Although the records include pictures, the copy should not; write out exactly the lines from the first through the line with "左上角示意着本关卡即将登场的".

[Saved entries]
((
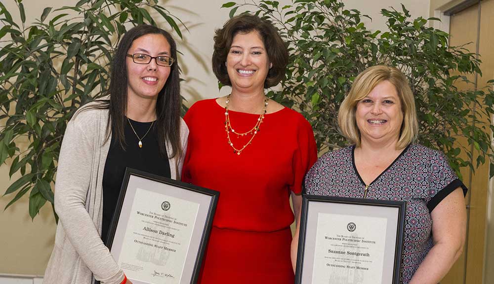 Following her Town Hall meeting on May 4, President Laurie Leshin presented Allison Darling, administrative assistant with the Interactive Media and Game Development department, and Sue Sontgerath, director of pre-collegiate outreach, with the 2018 Board of Trustees’ Award for Outstanding Staff Member.
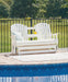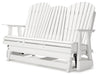 Drift away from everyday worries and into outdoor bliss with this glider loveseat. Dressed in a crisp white, the Adirondack-inspired design has a classic feel. It weathers sunny summer days and cozy winter nights with durable MEGA-TUFF® HDPE material. A drop-down console with integrated cup holders keeps refreshments and snacks within easy reach. With the console snapped into the back, this loveseat has even more room for enjoying lazy days in the shade.
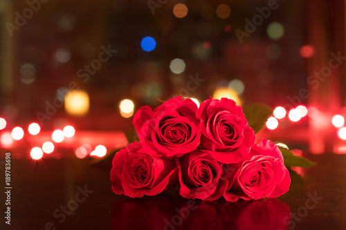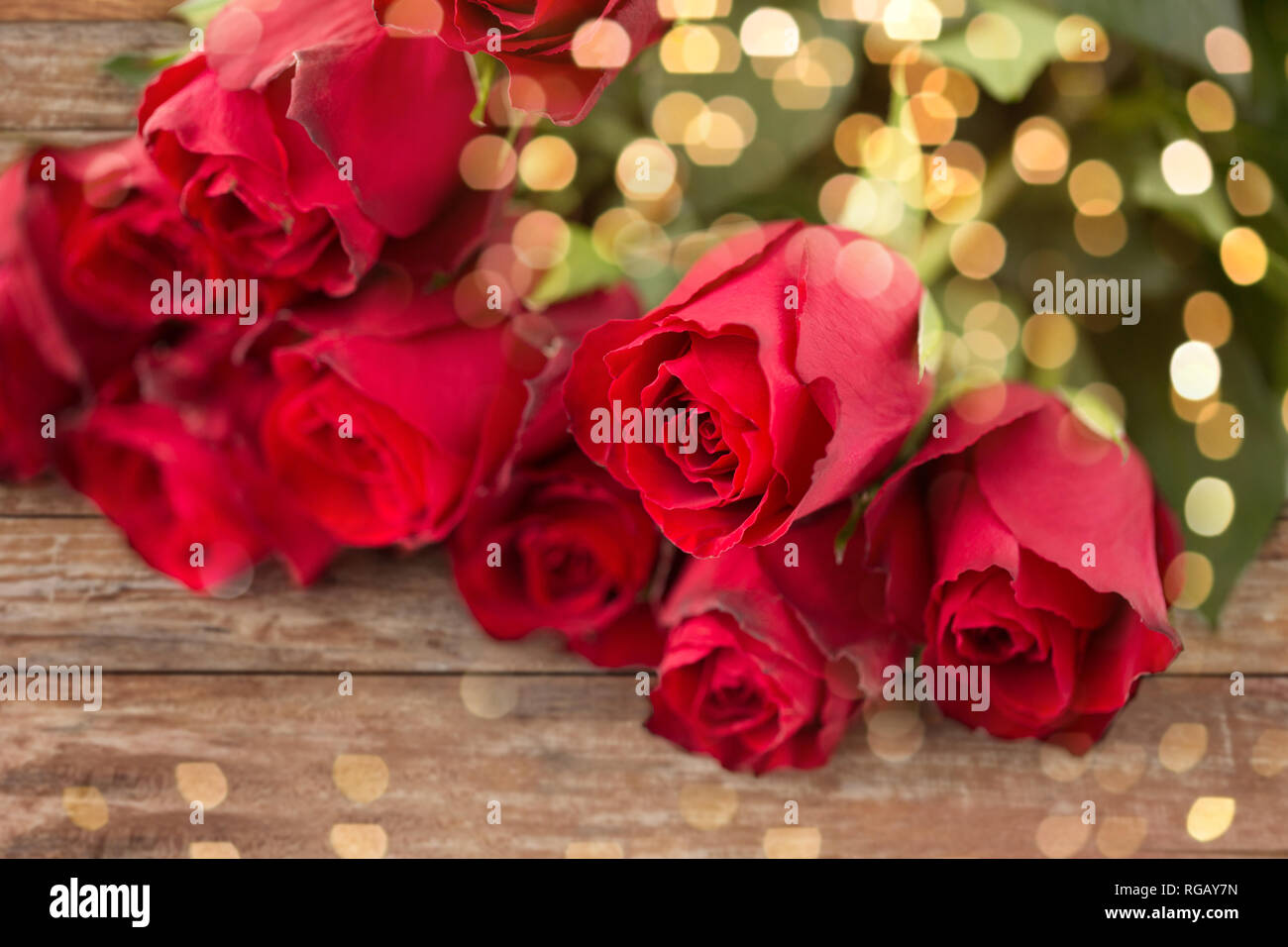 Close Up Of Red Roses Bunch Over Festive Lights Stock Photo
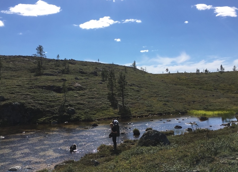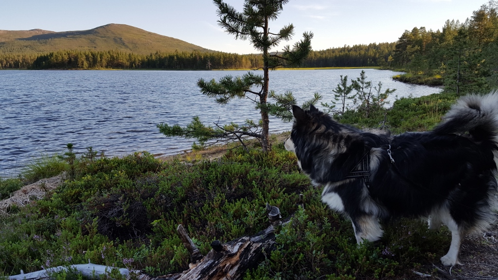 Lounaan päälle nukuimme taas tunnin verran puiden varjoissa makuualustojen päällä. Katjalta otetiin painoa pois rinkasta ja jaettiin niitä muiden rinkkoihin. Jalat oireili polvista aina etenkin laskeutumisten yhteydessä. Ylös Vuorhavaaralle kapuaminen oli hengityksen päälle käypää hommaa ja askel pidettiin lyhyenä. Lähtiessämme laskeutumaan kohti Aittajärven hiekkarantaa pölähti edestämme metsoparvi lentoon ja Ruusalle taas kamalat hepulit päälle. Haukku oli pikemminkin kimahduksia, joita kuulee lintukoirilta, ei Suomenlapinkoirilta. Liekkö metästysviettiä tässä paimenessa. Aittajärvi ilmestyi parin lammen kierron jälkeen ja tuttu leiripaikka oli ennallaan, jopa vanha suuri pahka oli yhä rannassa kokonaisena. Otettiin kisat kuka viimeisenä uimassa ja Katja taisi hävitä tämän erän. Lämmintä vettä ja hiekkapohja. |
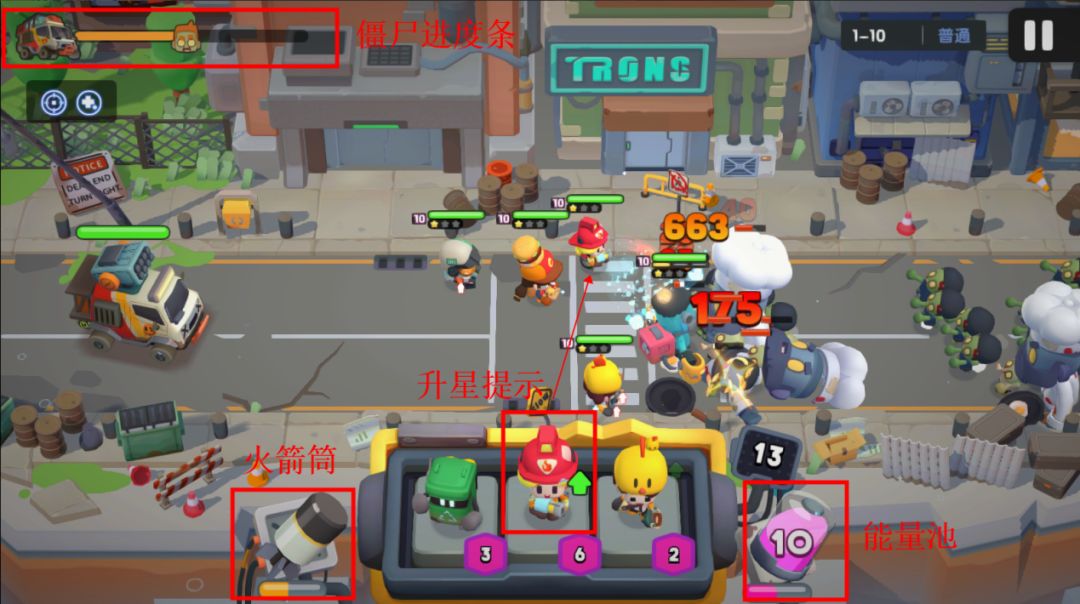 左上角示意着本关卡即将登场的僵尸余量,而画面中带血条的汽车就是我们要努力守护的【资源收集车】,一旦它被破坏就无法回到幸存者小镇继续建设了,坚持到僵尸消失就胜利啦!
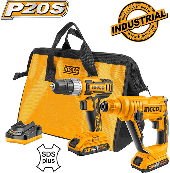 Εργαλεία Μπαταρίας 20V Li-Ion Σετ 2 τεμ. Δραπανοκατσάβιδο Μπαταρίας: Ταχύτητα χωρίς φορτίο: 0-400/0-1500rpm.Ροπή: 45 Nm.Ρυθμίσεις ροπής: 15+1.Υποδοχή τσοκ: 0.8-10 mm.Πιστολέτο Περιστροφικό Κρουστικό Μπαταρίας: Ταχύτητα χωρίς φορτίο: 0-900 rpm.Κρούσεις: 0-5100bpm.Κρουστική ισχύς: 1.5J.Τσοκ: SDS plus.Μέγεθος τρυπανιού: έως 13mm.Τάση: 20V.Led λάμπα εργασίας: Ναι.Led ένδειξη κατάστασης μπαταρίας: Ναι.Περιεχόμενα συσκευασίας: 1 τεμ. Φορτιστής 1 ώρας (2.0Ah) / 2 ώρων (4.0Ah), 2 τεμ. Μπαταρίες 20V 2.0Ah Li-Ion, Υφασμάτινη τσάντα μεταφοράς.Εγγύηση: 2 χρόνια.
))
* Answer box
 Following her Town Hall meeting on May 4, President Laurie Leshin presented Allison Darling, administrative assistant with the Interactive Media and Game Development department, and Sue Sontgerath, director of pre-collegiate outreach, with the 2018 Board of Trustees’ Award for Outstanding Staff Member.
 Drift away from everyday worries and into outdoor bliss with this glider loveseat. Dressed in a crisp white, the Adirondack-inspired design has a classic feel. It weathers sunny summer days and cozy winter nights with durable MEGA-TUFF® HDPE material. A drop-down console with integrated cup holders keeps refreshments and snacks within easy reach. With the console snapped into the back, this loveseat has even more room for enjoying lazy days in the shade.
 Close Up Of Red Roses Bunch Over Festive Lights Stock Photo
 Lounaan päälle nukuimme taas tunnin verran puiden varjoissa makuualustojen päällä. Katjalta otetiin painoa pois rinkasta ja jaettiin niitä muiden rinkkoihin. Jalat oireili polvista aina etenkin laskeutumisten yhteydessä. Ylös Vuorhavaaralle kapuaminen oli hengityksen päälle käypää hommaa ja askel pidettiin lyhyenä. Lähtiessämme laskeutumaan kohti Aittajärven hiekkarantaa pölähti edestämme metsoparvi lentoon ja Ruusalle taas kamalat hepulit päälle. Haukku oli pikemminkin kimahduksia, joita kuulee lintukoirilta, ei Suomenlapinkoirilta. Liekkö metästysviettiä tässä paimenessa. Aittajärvi ilmestyi parin lammen kierron jälkeen ja tuttu leiripaikka oli ennallaan, jopa vanha suuri pahka oli yhä rannassa kokonaisena. Otettiin kisat kuka viimeisenä uimassa ja Katja taisi hävitä tämän erän. Lämmintä vettä ja hiekkapohja. |
 左上角示意着本关卡即将登场的僵尸余量,而画面中带血条的汽车就是我们要努力守护的【资源收集车】,一旦它被破坏就无法回到幸存者小镇继续建设了,坚持到僵尸消失就胜利啦!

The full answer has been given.